If you answer with your revenue then you fail the test. The profit you report on your taxes might not be the answer either. The real answer will depend on what you include in your business expenses.
I will help you answer that question.
Here is the spreadsheet I will be using as we go through this example. Before getting started you need to make sure you have your finances separated.
Don’t Mix Business and Pleasure
Separate Separate Separate. Its a pain at first but so much easier in the future if you just separate your business and personal expenses. I know you love your business and would never sell it but things change. Also, even if you do keep your business it would make tax time a lot easier if things were separate so the dreaded auditors can pass over your information with ease.
If you tried to answer the “How much money is your business making?” question from above but don’t have your business revenue and expenses separated from your personal expenses then its almost impossible to really know.
What Does Separation Actually Mean?
To separate business from personal you need to be sure to have different spending accounts.
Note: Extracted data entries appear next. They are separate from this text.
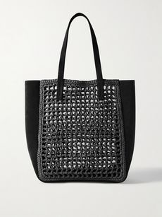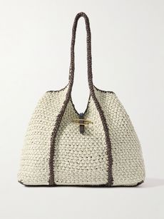TOD'ST Timeless large leather-trimmed crocheted raffia tote
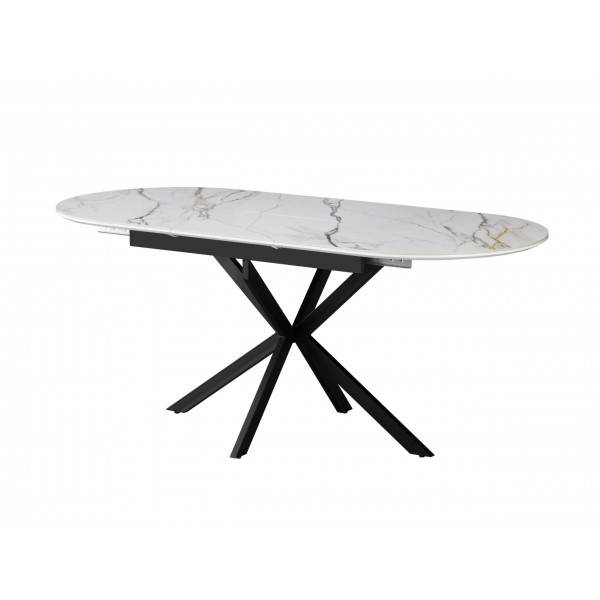 Керамічний стіл Верона TML-1335 калакатта голд + чорний — це вишукане поєднання елегантності, стилю та сучасних технологій. Його овальна форма додає м’якості лініям інтер’єру, а відтінок калакатта голд із благородними прожилками нагадує текстуру природного мармуру, створюючи відчуття розкоші та витонченості.
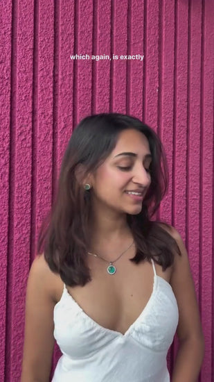 Emerald Silver Oval Pendant Set
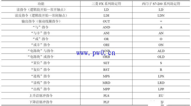 三菱FX系列和西门子S7-200系列PLC中常用的助记符
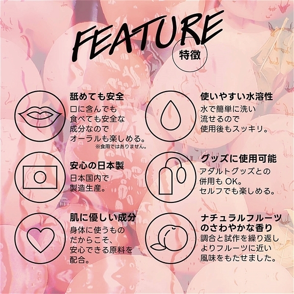 ピーチ。フルーティーな味と香りで新感覚プレイ!ワイルドワン女子が企画・開発した女性のためのフレバーローション!安心安全の国内素材で水のように「超さらさら」、フルーツみたいに美味しい水溶性ローションです!<成分>精製水、PG、ポリクオタニウム-39、グリセリン、サッカリンNa、ヒアルロン酸Na、ハチミツ、アロエベラ葉エキス、香料、赤色106号、BG、エタノール、メチルパラベン、エチルパラベン、プロピルパラベン、プチルカルバミン酸ヨウ化プロビニル。※「本製品はバイブバー公式認定ローション 味・香り付き」の後継として開発されましたが味と香り付きという点以外は、成分もテクスチャもまったく異なる新製品です。
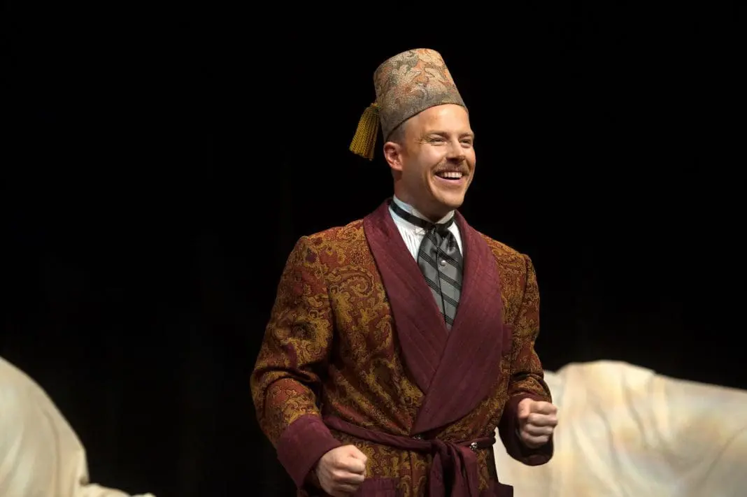 Among the women, both Lara Ciekiewicz (Rosalinda) and Caitlin Wood (Adele) sang well and acted their scintillating best. Ideally, I would have preferred their timbres to have greater contrast, maybe a lighter-voiced Adele and a more spinto Rosalinda, but that’s a minor quibble. Ciekiewicz sang a very nice “Csárdás,” and she’s adept with the tambourine! Wood’s “Laughing Song” was a highlight. Veteran TOT soprano Elizabeth Beeler made a rare outing in a trouser role as Orlofsky. She looked great, and delivered a convincing fake Russian accent. She didn’t yodel her way through “Chacun à son goût” like most mezzos, although one could tell the music didn’t sit comfortably in her voice, betraying an occasional slow vibrato. Olivia Morton was an engaging Ida, who in this show for some reason is called Sally.
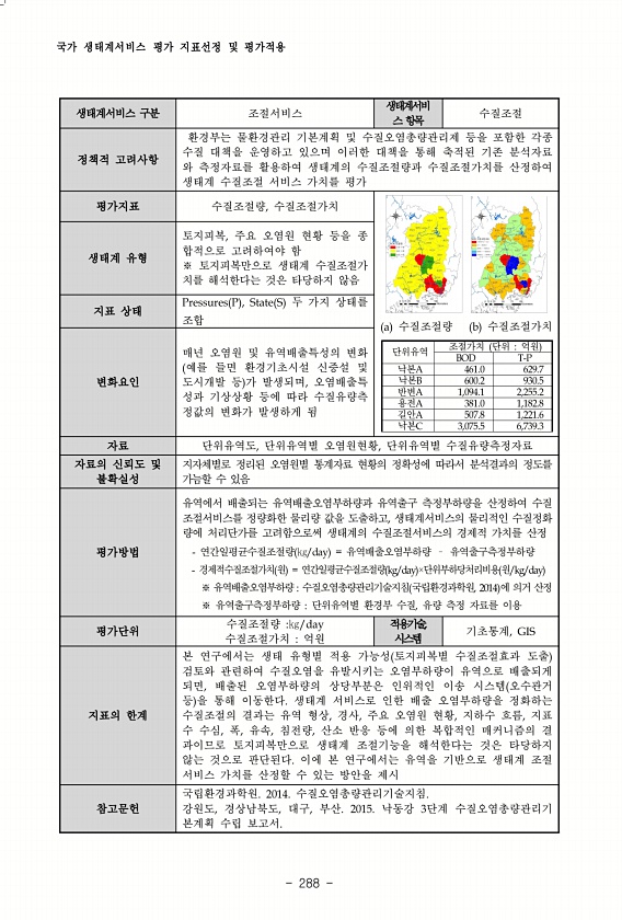 국가 생태계서비스 평가 지표선정 및 평가적용 288 생태계서비스 구분 조절서비스 생태계서비 스 항목 수질조절 정책적 고려사항 환경부는 물환경관리 기본계획 및 수질오염총량관리제 등을 포함한 각종 수질 대책을 운영하고 있으며 이러한 대책을 통해 축적된 기존 분석자료 와 측정자료를 활용하여 생태계의 수질조절량과 수질조절가치를 산정하여 생태계 수질조절 서비스 가치를 평가 평가지표 수질조절량, 수질조절가치 a 수질조절량 b 수질조절가치 단위유역 조절가치 단위 억원 BOD T-P 낙본A 461.0 629.7 낙본B 600.2 930.5 반변A 1,094.1 2,255.2 용전A 381.0 1,182.8 길안A 507.8 1,221.6 낙본C 3,075.5 6,739.3 생태계 유형 토지피복, 주요 오염원 현황 등을 종...
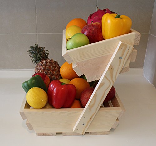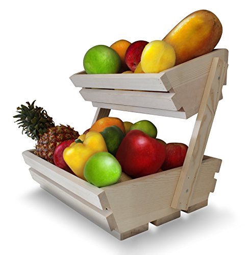 FRUIT BASKET STAND, PREMIUM 2 TIER WOODEN DISPLAY RACK FOR FRUITS AND VEGETABLES, STORAGE, HOLDER & ORGANIZER FOR YOUR KITCHEN COUNTER, RUSTIC COUNTERTOP LOOK, COMES FULLY ASSEMBLED

This could mean that you have a separate bank account and credit card just for business. Or it could mean that you just have a separate paypal account that’s only for business. I recommend both.
Its a bit of a hassle to set up different bank accounts and credit cards. It is also difficult to actually pull out different credit cards to pay for business expenses instead of using the same card for everything. But remember that at the point of purchase you have all the knowledge of what type of expense this is. Sometimes you forget that later on when you are trying to understand what you spent and why.
For owners with multiple businesses you should also separate the businesses from each other. I would recommend doing a separate entity (LLC) for each business but it really depends on the nature of the business and how you classify it. The main benefit for the separation is to see how much actual profit each business is making on its own.
So for example if you have 10 adsense sites that are essentially identical copies just in different niches then you might bundle those together into one business. But as soon as you want to start testing new strategies or revenue models then you want to separate them out to see how successful the tests are.
If you are separating out small websites from the others then there is really no need to create a new LLC and new bank accounts. You can do this separation manually until it gets too big to handle, then make the switch later.
Now that you know to keep separate records is that it? Not quite.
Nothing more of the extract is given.